• **What the task requires**
Take the lines from the one with "Did you know" to the end of the listing, both ends included, and quote them exactly, leaving pictures out.

• **Raw data**
-- Opening Marker --

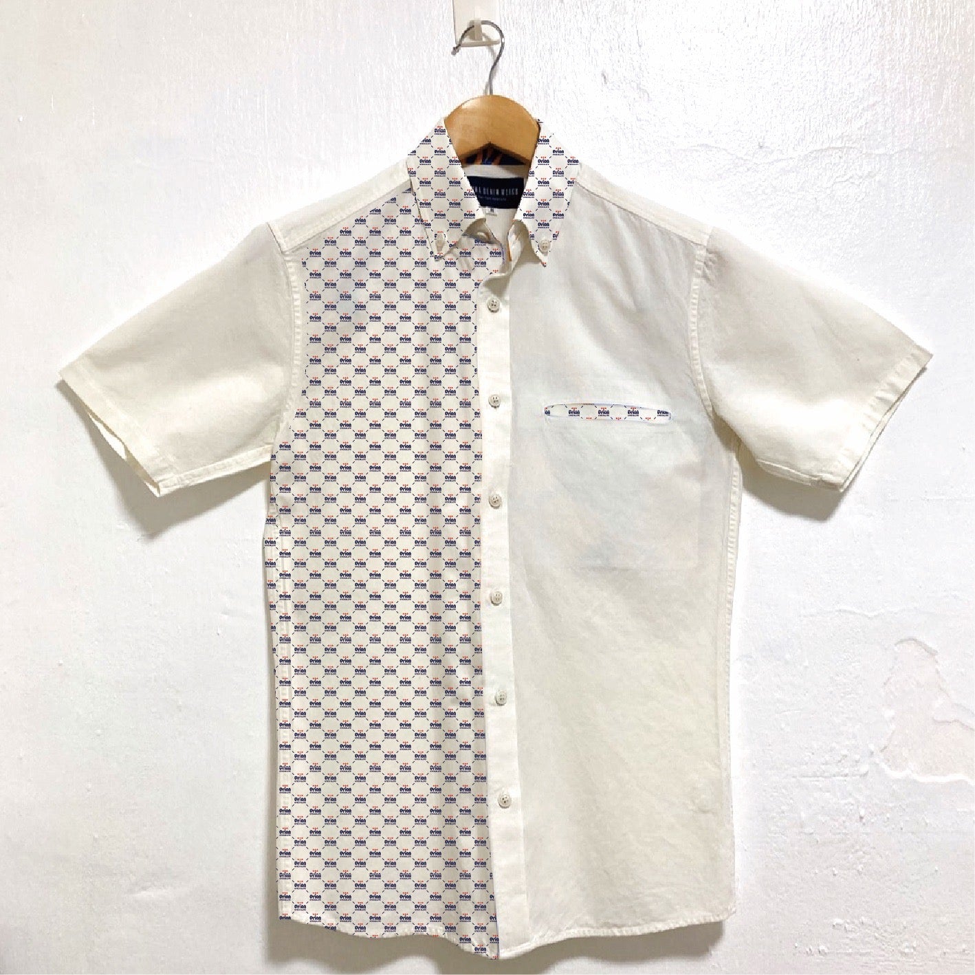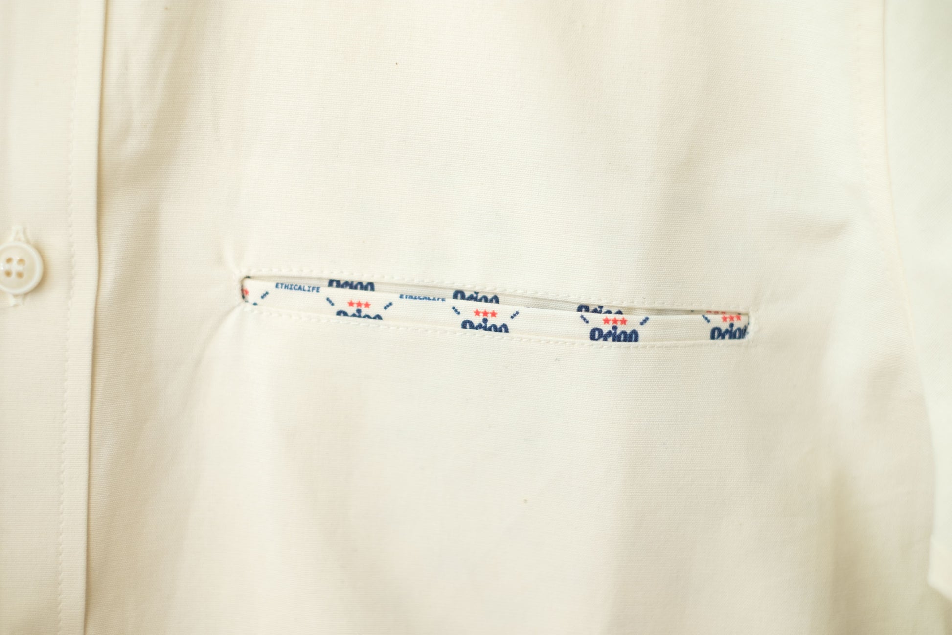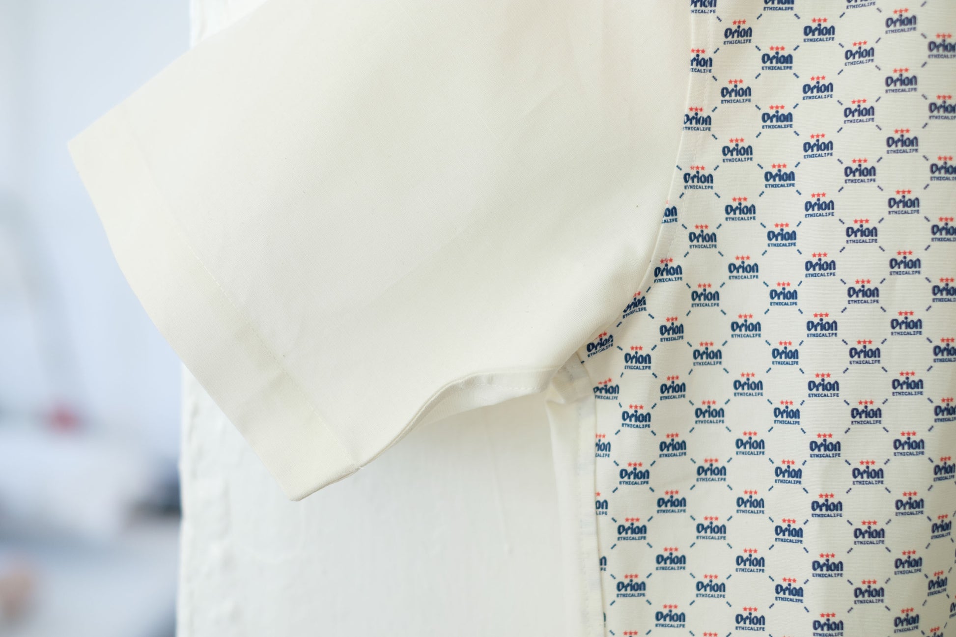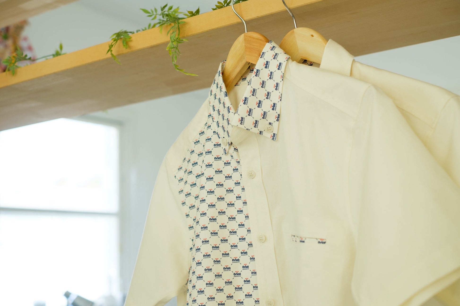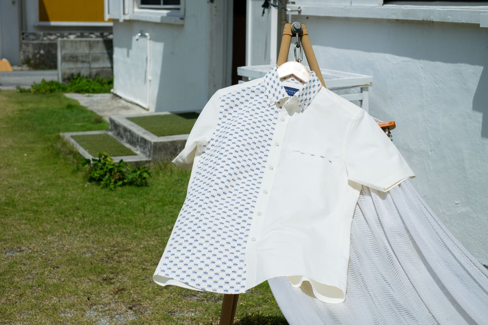 かりゆしウェアは、モノグラム柄の生地と生成りの生地を組み合わせ、沖縄の縫製工場で仕立てます。
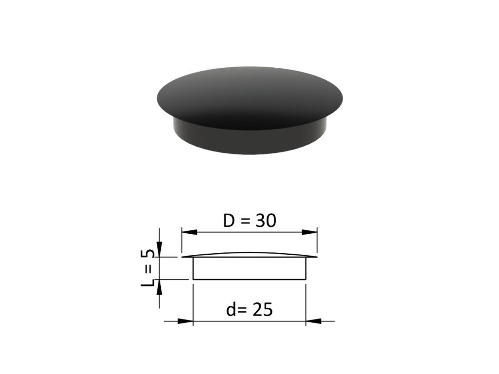 Vnútorná krytka guľatá ø 30 mm, otvor ø 25 mm, čierna, plast
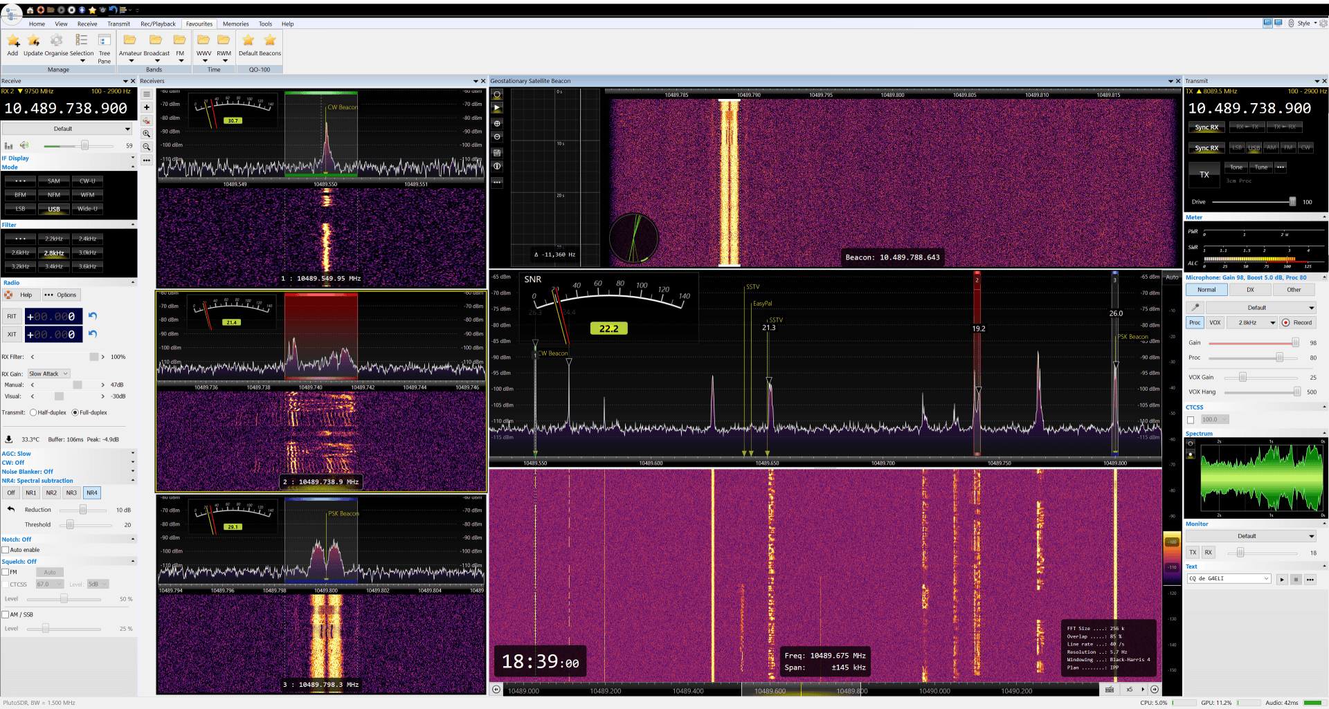 Did you know that the receiver pane docks intelligently when the height is greater than width (i.e. docked vertically) as shown below. In this screenshot the Pluto SDR is being used with the QO-100 satellite.
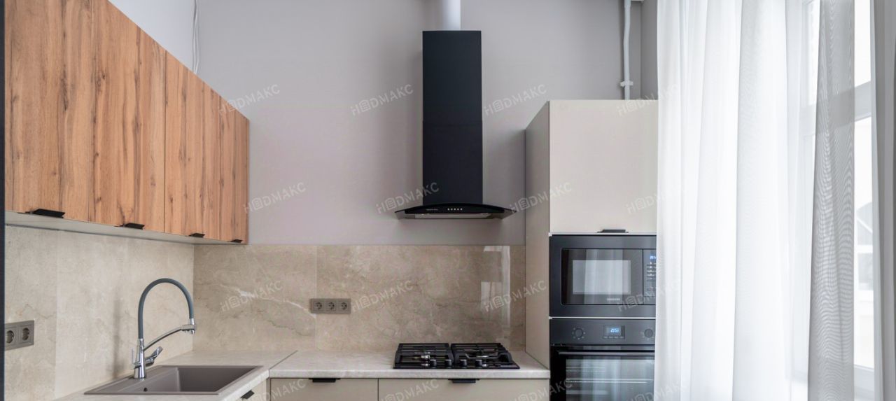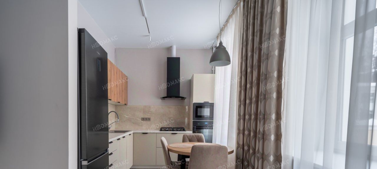 Окна квартиры выходят во двор, что гарантирует тишину и спокойствие. Внутри установлена вся необходимая техника: стиральная и посудомоечная машины, духовой шкаф, газовая плита, холодильник, телевизор и кондиционер — все для вашего комфорта.

-- Closing Marker --

• **Response area**
 Did you know that the receiver pane docks intelligently when the height is greater than width (i.e. docked vertically) as shown below. In this screenshot the Pluto SDR is being used with the QO-100 satellite.
 Окна квартиры выходят во двор, что гарантирует тишину и спокойствие. Внутри установлена вся необходимая техника: стиральная и посудомоечная машины, духовой шкаф, газовая плита, холодильник, телевизор и кондиционер — все для вашего комфорта.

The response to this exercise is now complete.